Growth factor receptors promote cell growth and survival by stimulating the activities of phosphatidylinositol 3-kinase and Akt/PKB. Akt activation causes proteasomal degradation of substrates that control cell growth and survival. Expression of activated Akt triggers proteasome-dependent declines in the protein levels of the Akt substrates tuberin, FOXO1, and FOXO3a. The addition of proteasome inhibitors stabilizes the phosphorylated forms of multiple Akt substrates, including tuberin and FOXO proteins. Activation of Akt triggers the ubiquitination of several proteins containing phosphorylated Akt substrate motifs. Together the data indicate that activated Akt stimulates proteasomal degradation of its substrates and suggest that Akt-dependent cell growth and survival are induced through the degradation of negative regulators of these processes (Plas, 2003).
The life span of C. elegans is extended by mutations that inhibit the function of sensory neurons. In this study, specific subsets of sensory neurons are shown to influence longevity. Certain gustatory neurons inhibit longevity, whereas others promote longevity, most likely by influencing insulin/IGF-1 signaling. Olfactory neurons also influence life span, and they act in a distinct pathway that involves the reproductive system. In addition, a putative chemosensory G protein-coupled receptor expressed in some of these sensory neurons inhibits longevity. Together these findings imply that the life span of C. elegans is regulated by environmental cues and that these cues are perceived and integrated in a complex and sophisticated fashion by specific chemosensory neurons (Alcedo, 2004).

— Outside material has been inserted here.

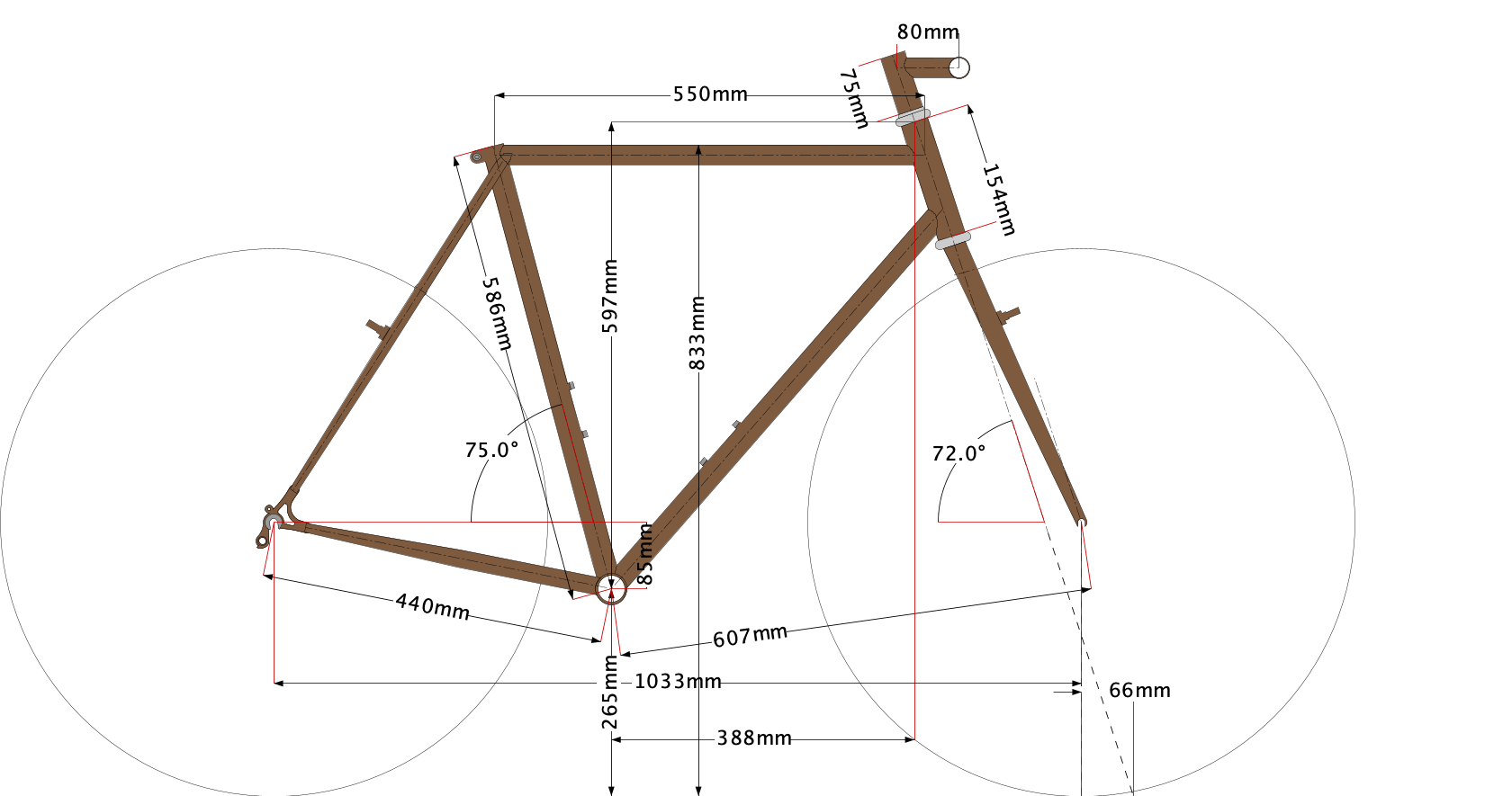 Build from Japanese Kaisei super thin walled tubing mixed with a Italian Columbus downtube this is an all road bike intended for mythical spirited rides. Fitting 38mm tyres + fenders it will ride smooth as melting butter on tarmac but is also capable of detouring into the wild (within reason), whenever you're bored of the monotony of road riding.

These findings suggest that gustatory neurons are likely to influence life span by perturbing the insulin/IGF-1 pathway. One possibility is that these neurons sense cues that regulate the release of insulin/IGF-1-like hormones that influence the insulin/IGF-1 receptor DAF-2 activity. The C. elegans genome contains more than 30 insulin/IGF-1 homologs, and several of these are expressed in gustatory neurons. The model is favored that longevity-inhibiting ASI and ASG neurons exert their effects on life span by inhibiting the activities of the ASJ and ASK neurons. Thus, one possibility is that the ASI and ASG neurons prevent the longevity-promoting ASJ and ASK neurons from producing a DAF-2 antagonist. It is intriguing that double mutants that have defects in proteins thought to be required for neuronal insulin secretion and in daf-2 activity have an intermediate life span between those of the corresponding neurosecretory single mutants and daf-2 hypomorphic single mutants (Ailion et al., 1999). This finding is consistent with the idea that some sensory neurons might secrete DAF-2 antagonists (Alcedo, 2004).

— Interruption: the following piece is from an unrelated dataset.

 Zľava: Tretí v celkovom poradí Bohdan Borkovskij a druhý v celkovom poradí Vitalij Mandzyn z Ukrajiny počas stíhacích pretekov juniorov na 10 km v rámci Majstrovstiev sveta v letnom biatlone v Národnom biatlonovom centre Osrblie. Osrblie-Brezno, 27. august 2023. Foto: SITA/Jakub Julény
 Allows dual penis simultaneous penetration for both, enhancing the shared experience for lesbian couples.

A number of insulin-like peptides have now been implicated in the regulation of aging. One such candidate DAF-2 antagonist is ins-1, but this gene is expressed not only in longevity-promoting neurons but also in longevity-inhibiting neurons. At this point, the information available about specific insulin-like peptides does not suggest simple models that explain the data. However, this may change as more is learned about the functions of these proteins. For example, it is possible that other insulin/IGF-1-like peptides function as antagonists in the ASJ and ASK neurons but not in the ASI and ASG neurons, since other insulin/IGF-1-like peptides are expressed in ASJ (Alcedo, 2004).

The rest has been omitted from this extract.